Type 10000000 in the text box and click Run Loop. "Looping" is displayed in the label below this button. It should take a long time to run this cycle. If it is done too fast, adjust the size of the number accordingly. Quickly click the three buttons that are still enabled. You will find that all buttons respond to your input. The label below "Add TWO" should be the first display result. The results will be displayed in the label below the step button. It is estimated that these results will be infinite, because the numbers returned by the 10,000,000 steps are too large for the double precision variable, so that it is outside it. Finally, after a while, the result will be returned to the "Running Circulation" button. As just observed, four sets of independent calculations were performed simultaneously on four separate threads. The user interface keeps the response to the input and returns the result after each thread is completed. Coordination Threads Experience Multi-threaded application users may find subtle defects in typed code. Return the following code line from each execution calculated subroutine from Calculator.cs: Vartotalcalculation = 1;
Vartotalasofnow = varotalcalculations; these two lines of code increments the public variable Vartotalcalculations and set the local variable VartoTalasOfNow to this value. This value is then returned to FRMCALCULATIONS and is displayed in the tag control. But is the value returned correctly? If only a single execution thread is running, the answer is obviously correct. But if there are multiple threads running, the answer becomes less sure. Each thread has the ability to increment VARTOTALCALCALCULATIONS. This is likely to occur: After a thread is incremented by the variable, the other thread may change its value by incrementing the variable before it copies this value to VartoTalasofnow. This will result in possible each thread that is actually incorrect reporting. Visual C # provides
LOCK statement
The statement is allowed to allow threads to ensure that each thread always returns an accurate result. Lock's grammar is as follows: Lock (AnObject)
{
// INSERT Code That Affects the Object.
// INSERT More Code That Affects the Object.
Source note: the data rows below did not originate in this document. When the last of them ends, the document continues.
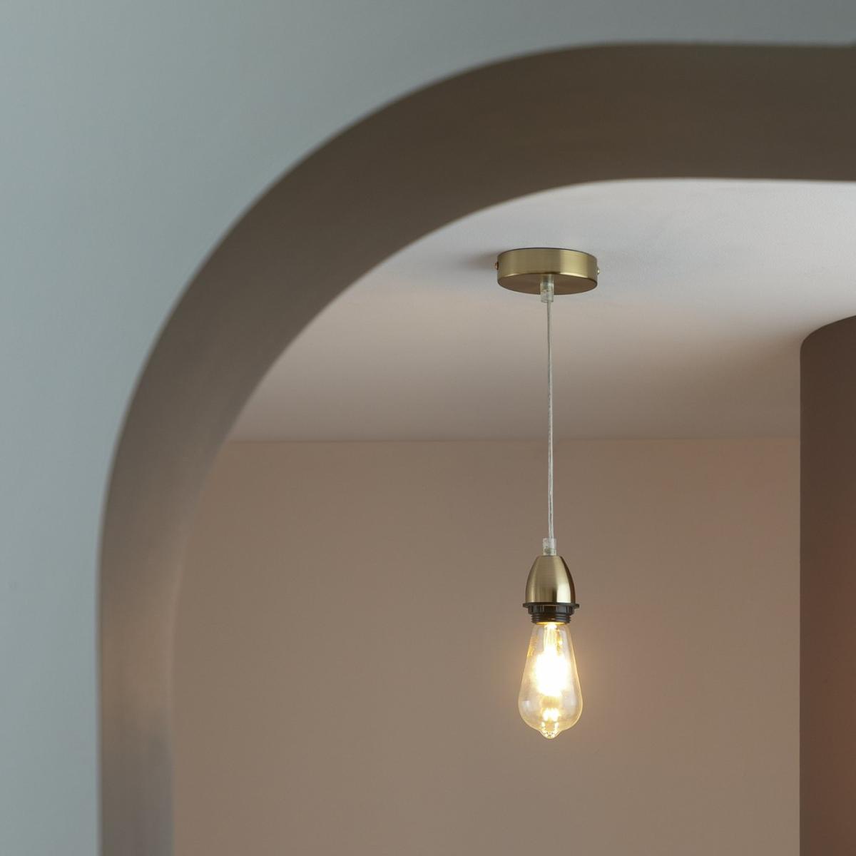 Minimalist and modern. This brass and metal pendant is all clean lines and contemporary edge. Hang it low over a table or high in a hallway to bring instant focus without overpowering the space. The smooth finish brings luxe style while LED compatibility keeps things efficient. Dimensions: Size H109, W10, Diameter 10cm. Adjustable drop. 60 - 109cm drop. Bulb Information: Bulbs required 1 x globe E27 edison screw LED (not included). Recommended maximum wattage: 10 watts. Can not be used with a dimmer switch. LED bulb only. General Information: Material: steel. IP rating 20. Not suitable for bathroom use. Weight: 0.23kg. Manufacturer's 1 year guarantee.
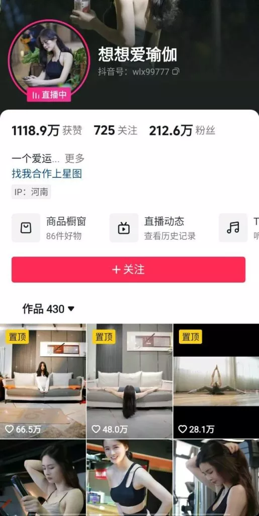 抖音平台的一些主播以健身和运动为名,将挑逗性内容融入直播,尤其是“想想爱瑜伽”主播,由于展示了她优秀的身材和柔韧性,反复使用这些动作吸引了大量粉丝。她的私生活一直有流言,说她有“大哥”资助她的直播。最近传出她和新的“大哥”发生感情,导致原“大哥”将她的视频公开,影响了她的形象和声誉。
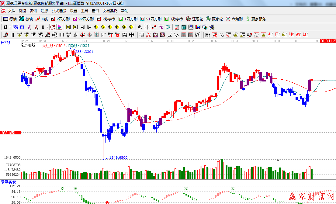 ★依据赢家江恩系统能量买卖提示:红色柱子逐步增加,多方占据主动权;
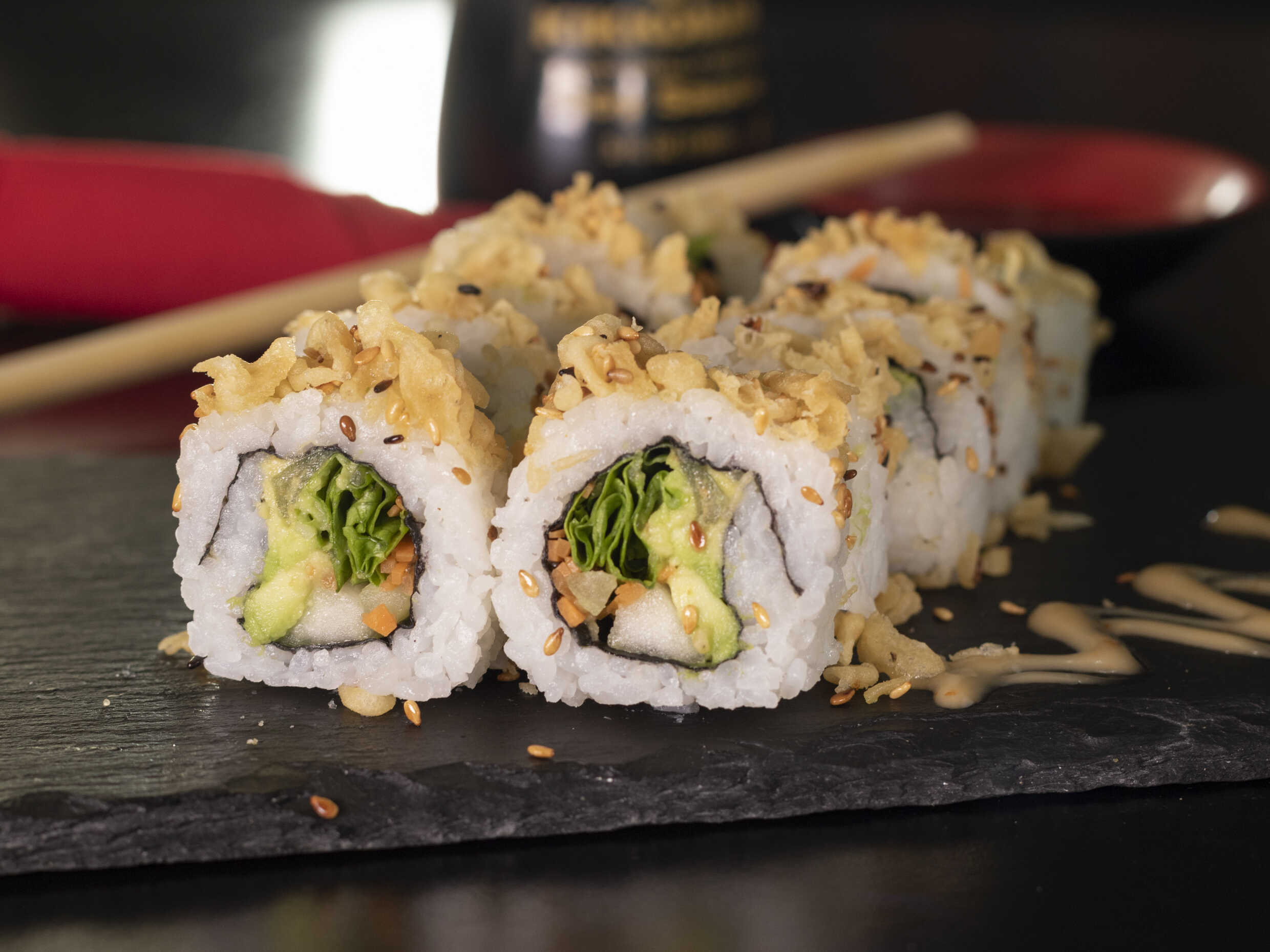 Aguacate, pepino, lechuga, zanahoria con cobertura de ajonjolí y hojuelas tempura.

// INSERT More Code That Affects the Object.
// Release the Lock.
} After entering the LOCK block, the execution of the specified expression has been blocked before the specified object has a dedicated lock. In the example shown above, the execution of AnObject is in a locked state. You must use the LOCK to return the objects (rather than returned values). Then, the execution is continued in the form of a block without being interfered with other threads. The statement set as a unit is called "atom". When you encounter}, the expression will be released and threads can continue to work. Add a LOCK statement to an application
Open Calculator.cs in the code editor. Find every instance of the following code: VartotalcalcalCulation = 1;
Vartotalasofnow = varotalcalculations; there should be four instances of this code, and one in each calculation method. Modify this code to display as follows: Lock (this) {
Vartotalcalculations = 1;
Vartotalasofnow = varotalcalculation;
} Save the work and test it as shown in the example. You may notice a subtle impact on program performance. This is because the execution of the thread is stopped when the component gets his lock. Although it guarantees the correctness, this approach offsets certain performance advantages of multithreading. The necessity of locking threads should be carefully considered, and it is only true when absolutely necessary.